This output (y-value) is generated by log transforming the x-value, using the logistic function h(x)= 1/ (1 + e^ -x) . A threshold is then applied to force this probability into a binary classification.

In Figure 2, to determine whether a tumor is malignant or not, the default variable is y = 1 (tumor = malignant). The x variable could be a measurement of the tumor, such as the size of the tumor. **As shown in the figure, the logistic function transforms the x-value of the various instances of the data set, into the range of 0 to 1. If the probability crosses the threshold of 0.5 (shown by the horizontal line), the tumor is classified as malignant.**

The logistic regression equation *P(x) = e ^ (b0 +b1x) / (1 + e(b0 + b1x))* can be transformed into *ln(p(x) / 1-p(x)) = b0 + b1x*.

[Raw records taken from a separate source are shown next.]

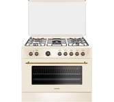 ШхГхВ: 90х60х88,5 см; 5 газовых конфорок, включая WOK-конфорку итальянского бренда SABAF; полный газ-контроль; автоподжиг; решетка: чугунная; электрическая духовка с двойной конвекцией: 110 л; 6 режимов; подсветка; электрогриль; отделение для хранения посуды; таймер ("часы") с автоотключением духовки; 2 противня, 1 хромированная решетка; крышка: стекло; цвет: бежевый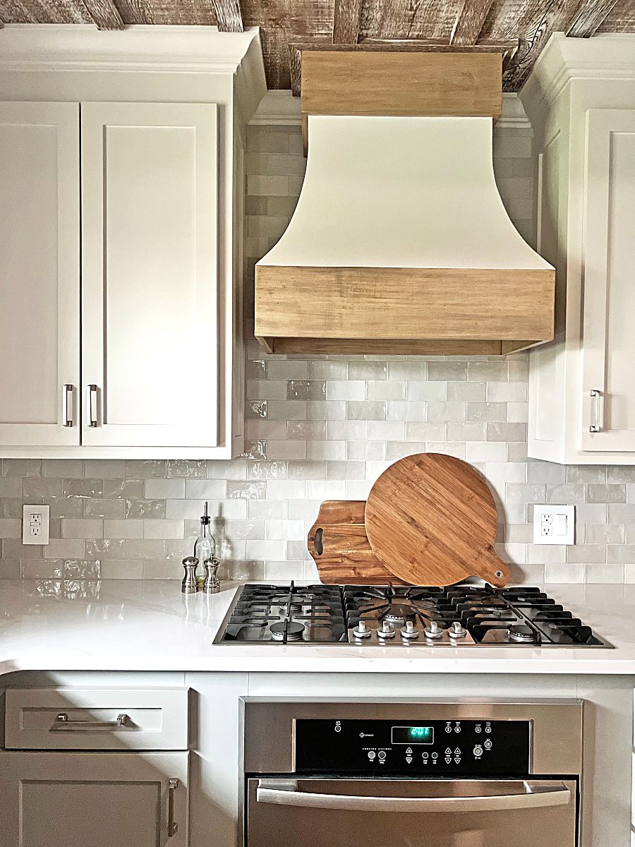 Drawing from classic Moroccan tile traditions, Fez ceramic tile features a mix of glossy and matte surfaces that add depth and handmade character to this kitchen backsplash. Design by Jenna Snow, owner and interior designer, Snow Design Co.
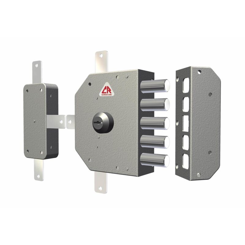 Serratura di sicurezza CR, con cilindro a pompa. Art. 3300. Chiusura quintupla con 5 catenacci. Comando interno con chiave. Entrata 60 mm;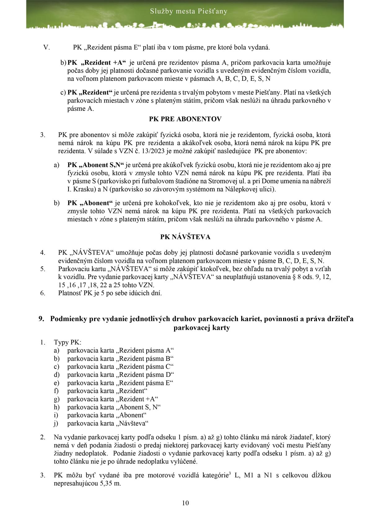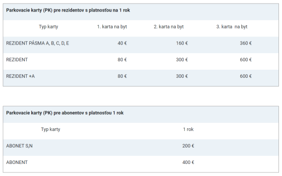 Abonent je akákoľvek právnická alebo fyzická osoba, ktorá nie je rezidentom mesta. Na vydanie ročnej neprenosnej parkovacej karty má nárok akákoľvek právnická alebo fyzická osoba, ktorá nie je rezidentom mesta. S parkovacou kartou abonent nie je možné parkovať v pásme A, na parkovisku s automatickým závorovým systémom na Nálepkovej ulici je ju naopak možné využiť.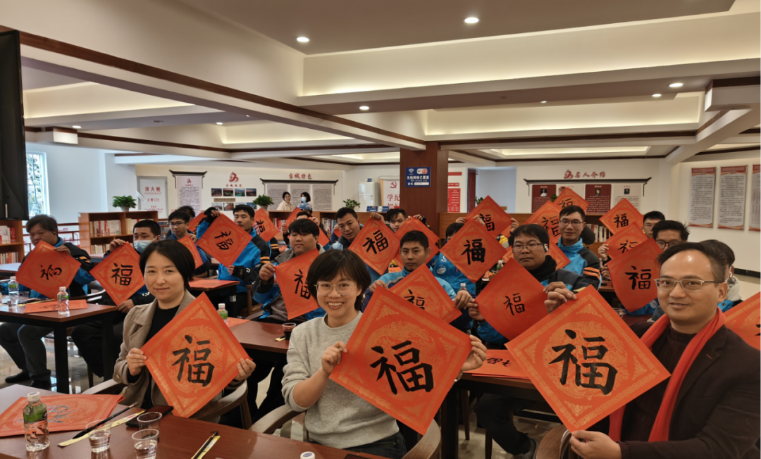 每个活动现场均墨香四溢,书法家们妙笔生花,一副副饱含年味、寓意吉祥的春联一气呵成。职工群众们满怀期待地围在桌前,与书法家们交流互动,挑选自己心仪的春联,职工群众们拿着专属的春联和“福”字,脸上洋溢着幸福和希望,现场气氛其乐融融。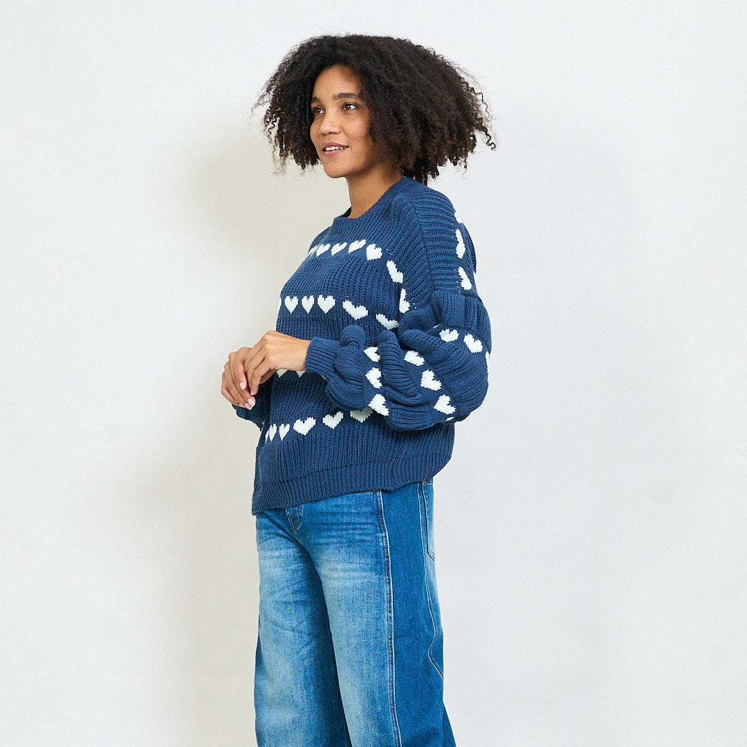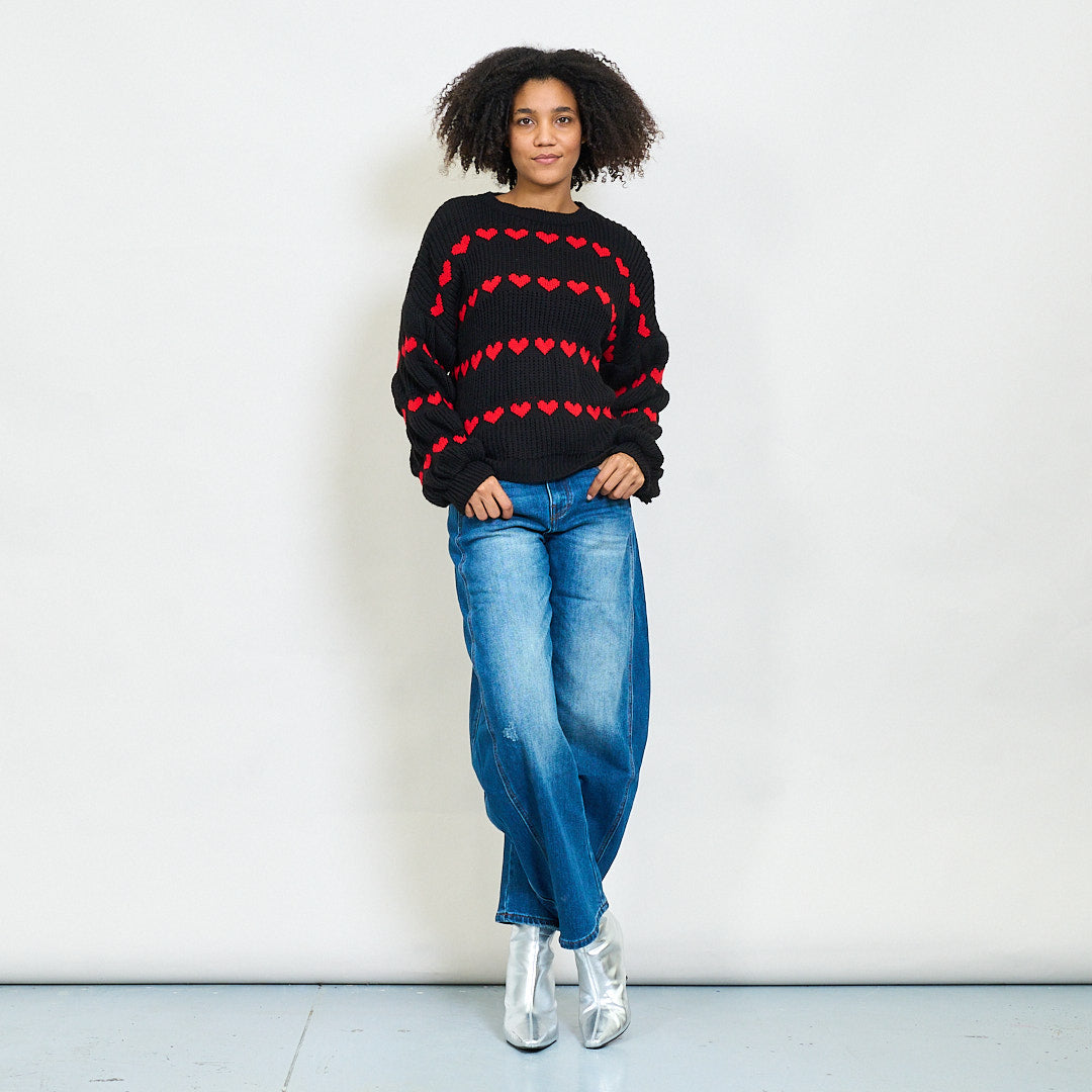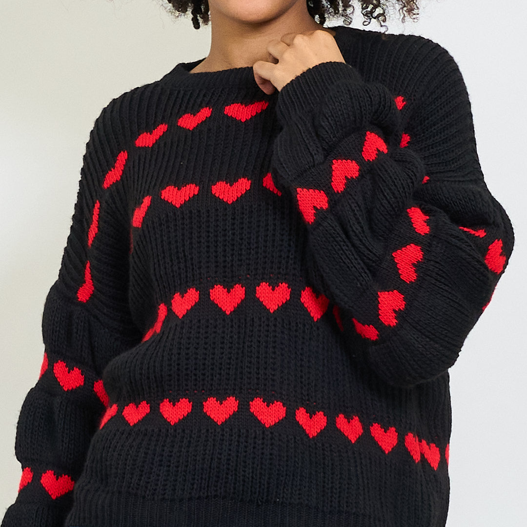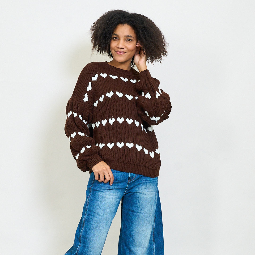 Pull en tricot épais avec motif de rayures de cœur en gros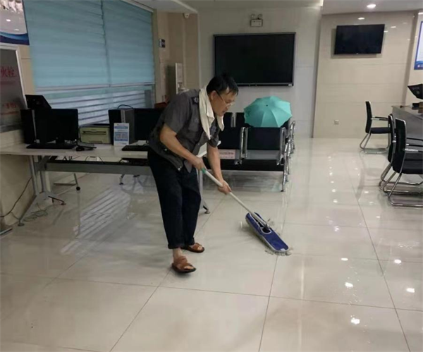 安陽(yáng)市住房公積金隊(duì)員陳建國(guó),凌晨發(fā)現(xiàn)大廳有雨水倒灌,及時(shí)用沙袋進(jìn)行加固封堵,清理大廳積水,衣服全部都濕透了,也毫無(wú)怨言。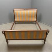 Mahonie bed, de gestoffeerde eindes met gesneden zwanenhalzen, biedermeier -gebruikssporen-, 110 x 160 x 230 cm

The goal of logistic regression is to use the training data to find the values of coefficients b0 and b1 such that it will minimize the error between the predicted outcome and the actual outcome. These coefficients are estimated using the technique of Maximum Likelihood Estimation.

#### 3. CART

Classification And Regression Trees (CART) are one implementation of Decision Trees.

The non-terminal nodes of Classification and Regression Trees are the root node and the internal node. The terminal nodes are the leaf nodes. Each non-terminal node represents a single input variable (x) and a splitting point on that variable; the leaf nodes represent the output variable (y). The model is used as follows to make predictions: walk the splits of the tree to arrive at a leaf node and output the value present at the leaf node.

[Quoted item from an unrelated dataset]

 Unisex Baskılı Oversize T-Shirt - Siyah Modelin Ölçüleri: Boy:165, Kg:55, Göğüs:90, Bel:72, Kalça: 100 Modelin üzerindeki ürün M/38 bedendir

The decision tree in Figure 3 below classifies whether a person will buy a sports car or a minivan depending on their age and marital status. If the person is over 30 years and is not married, we walk the tree as follows : ‘over 30 years?’ -> yes -> ’married?’ -> no. Hence, the model outputs a sports car.

#### 4. Naïve Bayes

To calculate the probability that an event will occur, given that another event has already occurred, we use Bayes’s Theorem. To calculate the probability of hypothesis(h) being true, given our prior knowledge(d), we use Bayes’s Theorem as follows:

*P(h|d)= (P(d|h) P(h)) / P(d)*

where:

- P(h|d) = Posterior probability. The probability of hypothesis h being true, given the data d, where P(h|d)= P(d1| h) P(d2| h)….P(dn| h) P(d)
- P(d|h) = Likelihood. The probability of data d given that the hypothesis h was true.
- P(h) = Class prior probability. The probability of hypothesis h being true (irrespective of the data)
- P(d) = Predictor prior probability. Probability of the data (irrespective of the hypothesis)

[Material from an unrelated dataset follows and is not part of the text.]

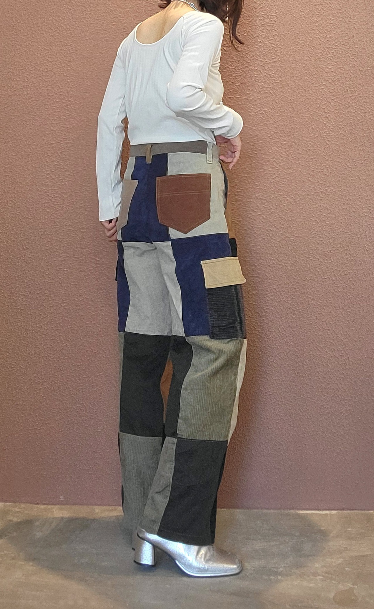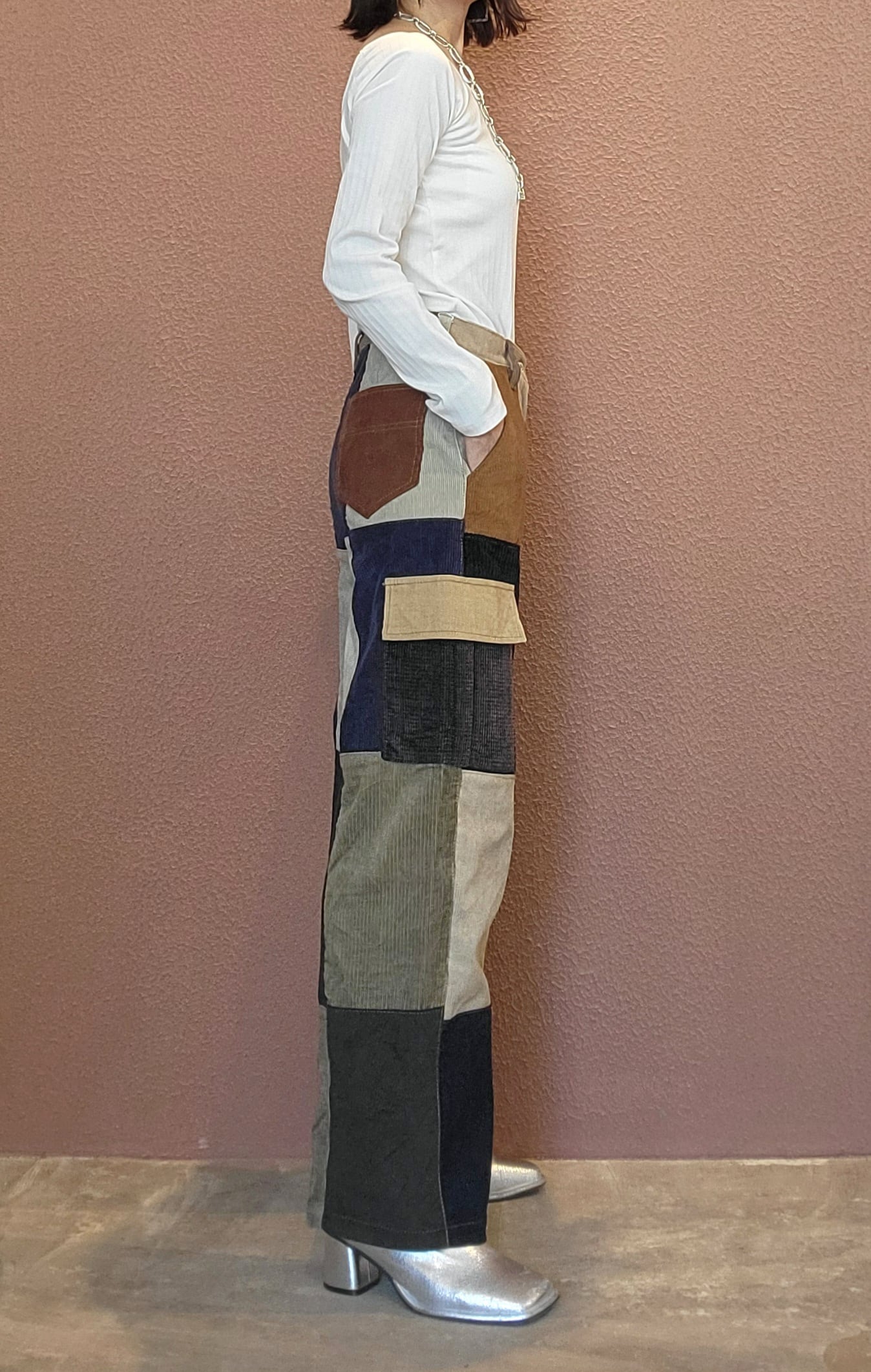 古着のコーデュロイ生地を裁断しいくつもの布片を縫い合わせたリメイクカーゴパンツ。素材表記はありませんがコットンのようです。シンプルなトップスに合わせるだけで可愛く仕上がります。スニーカー等フラットシューズにも合わせやすい丈感。

This algorithm is called ‘naive’ because it assumes that all the variables are independent of each other, which is a naive assumption to make in real-world examples.

Using Figure 4 as an example, what is the outcome if weather = ‘sunny’?

To determine the outcome play = ‘yes’ or ‘no’ given the value of variable weather = ‘sunny’, calculate P(yes|sunny) and P(no|sunny) and choose the outcome with higher probability.

->P(yes|sunny)= (P(sunny|yes) * P(yes)) / P(sunny) = (3/9 * 9/14 ) / (5/14) = 0.60

-> P(no|sunny)= (P(sunny|no) * P(no)) / P(sunny) = (2/5 * 5/14 ) / (5/14) = 0.40

Thus, if the weather = ‘sunny’, the outcome is play = ‘yes’.

#### 5. KNN

The K-Nearest Neighbors algorithm uses the entire data set as the training set, rather than splitting the data set into a training set and test set.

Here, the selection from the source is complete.